FAQ  /  Tautan  /  Peta Situs
    31 05-2022

    191

    Manfaatkan Stok Vaksin, Presiden Minta Vaksinasi Penguat Digencarkan

    Kategori Berita Pemerintahan | srii003

    Jakarta Pusat, Kominfo - Presiden Joko Widodo memimpin rapat terbatas yang membahas tentang vaksin Covid-19 kedaluwarsa di Istana Merdeka, Jakarta, Selasa (31/05/2022). Dalam rapat tersebut, Presiden Joko Widodo meminta agar pemberian vaksinasi penguat atau booster bagi masyarakat terus digencarkan mengingat masih akan ada tambahan sekitar 71 juta vaksin yang akan datang hingga akhir tahun.

    “Kita sekarang sudah 412 juta dosis yang diberikan, dosis pertamanya juga sudah tembus 200 juta. Jadi 200 juta masyarakat Indonesia sudah disuntik dosis pertama di dua minggu yang lalu dan untuk yang dosis keduanya kita sudah mencapai 65 persen dari target seluruh populasi. Itu angka juga minggu lalu. Bapak Presiden sampaikan ini booster-nya baru 25 (persen),” ujarMenteri Kesehatan (Menkes) Budi Gunadi Sadikin dalam keterangannya di Kantor Presiden, Jakarta, selepas mengikuti rapat terbatas tersebut.

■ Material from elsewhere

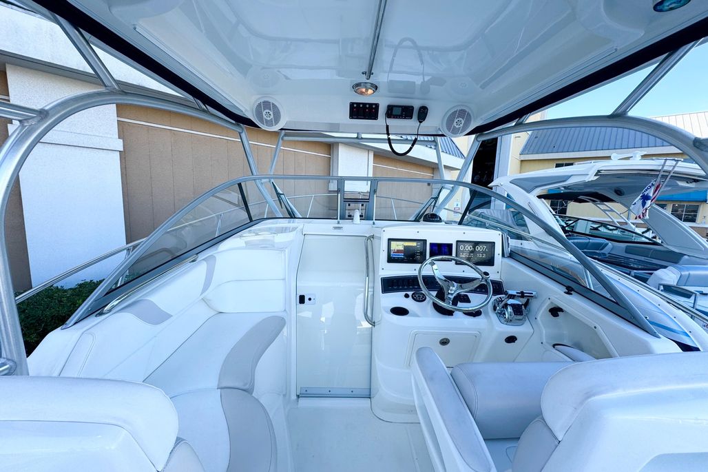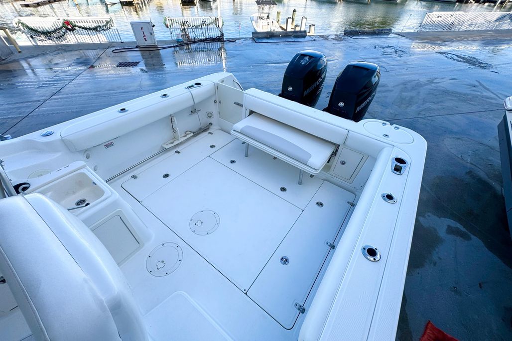 Its deep Vee hull, crafted from durable fiberglass, ensures a smooth ride even in challenging waters. Powered by twin Mercury CXL DTS Verado FourStroke outboard engines, each delivering 225 horsepower, this boat offers impressive performance with 685 hours of use.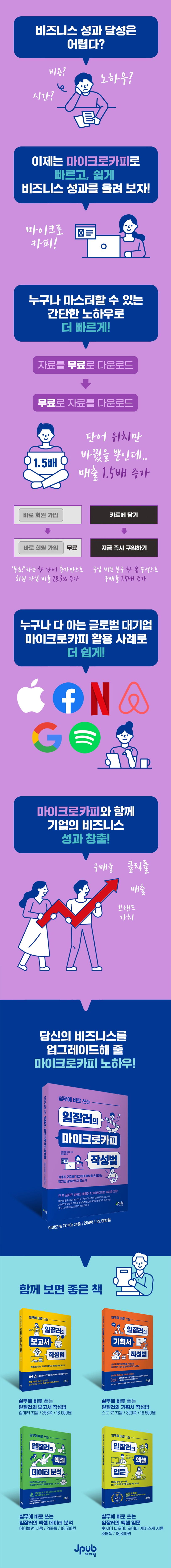 디지털 시대, 사용자와의 소통이 성공적인 비즈니스의 핵심으로 떠오르면서 글로벌 대기업을 중심으로 마이크로카피가 주목받고 있다. 마이크로카피는 버튼의 문구, 에러 메시지 등에 사용되는 짧고 간결한 문구이지만, 사용자 경험(UX)을 크게 개선해 비즈니스 성과를 향상시킬 수 있는 강력한 도구이다. 이 책은 마이크로카피 작성법의 핵심 원칙을 자세히 설명하고, 2,000개 이상의 기업에서 검증한 마이크로카피 활용 사례를 통해 마이크로카피를 실무에 적용하는 방법을 안내한다. 빠르게 매출을 올리고자 하는 사업자, 웹/앱 페이지를 운영하는 담당자, 마케터, UX 라이터 등 누구나 활용할 수 있는 짧지만 강력한 마이크로카피와 함께 기업 비즈니스 성과를 끌어올려 보자.

Menkes tampak didampingi oleh Kepala Badan Pengawasan Keuangan dan Pembangunan (BPKP) Muhammad Yusuf Ateh.

    Lebih lanjut, Menkes menjelaskan bahwa vaksinasi penguat akan meningkatkan ketebalan dan kekuatan kadar antibodi yang ada di tubuh. Berdasarkan data sero survei, Menkes melanjutkan, rata-rata antibodi sebelum seseorang diberikan vaksinasi penguat hanya berada di sekitar 300-400 kadar antibodinya.

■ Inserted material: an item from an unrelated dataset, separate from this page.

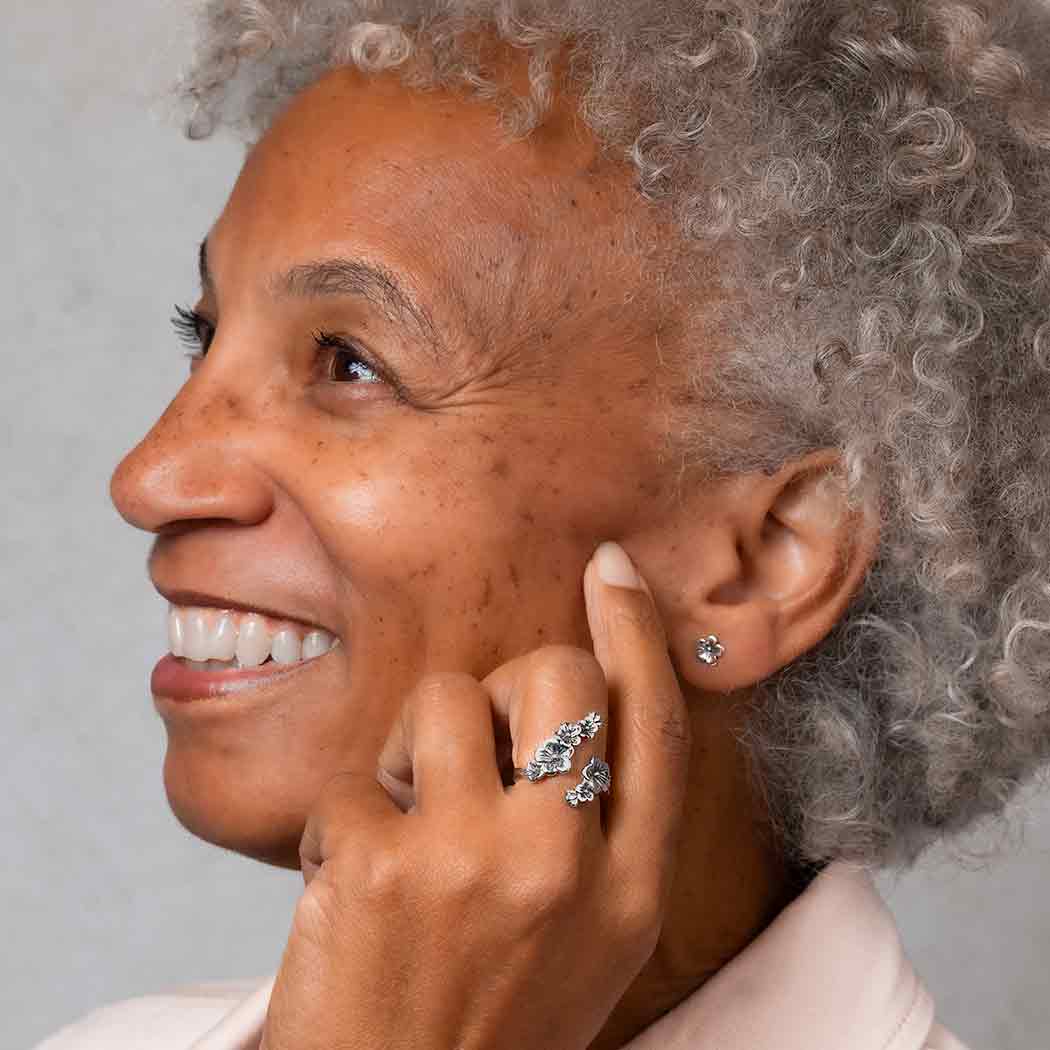 Nina Designs Sterling Silver or Bronze Adjustable Cherry Blossoms Ring

    “Data yang kita lihat dari dua sero survei terakhir kepada masyarakat yang sudah divaksinasi boosterbooster itu meningkatkan kekebalan tubuh kita, meningkatkan kekuatan antibodi kita, atau menguatkan antibodi kita itu berlipat-lipat kali. Rata-ratanya itu 300-400 kalau dua kali, tapi kalau begitu dibooster naiknya ribuan, rata-ratanya itu mendekati 6.000 titer antibodi. Oleh karena itu, arahan Bapak Presiden juga, sekaligus untuk mempercepat stok vaksin yang banyak yang ada di daerah-daerah sekarang, itu segera menerapkan booster,” jelasnya.

    Dalam rapat tersebut, Menkes juga menuturkan bahwa Presiden Jokowi menyetujui dilakukannya pemusnahan vaksin Covid-19 yang telah memasuki masa kedaluwarsa dan meminta agar proses tersebut dilakukan dengan melibatkan berbagai aparat sehingga transparan dan sesuai aturan yang berlaku.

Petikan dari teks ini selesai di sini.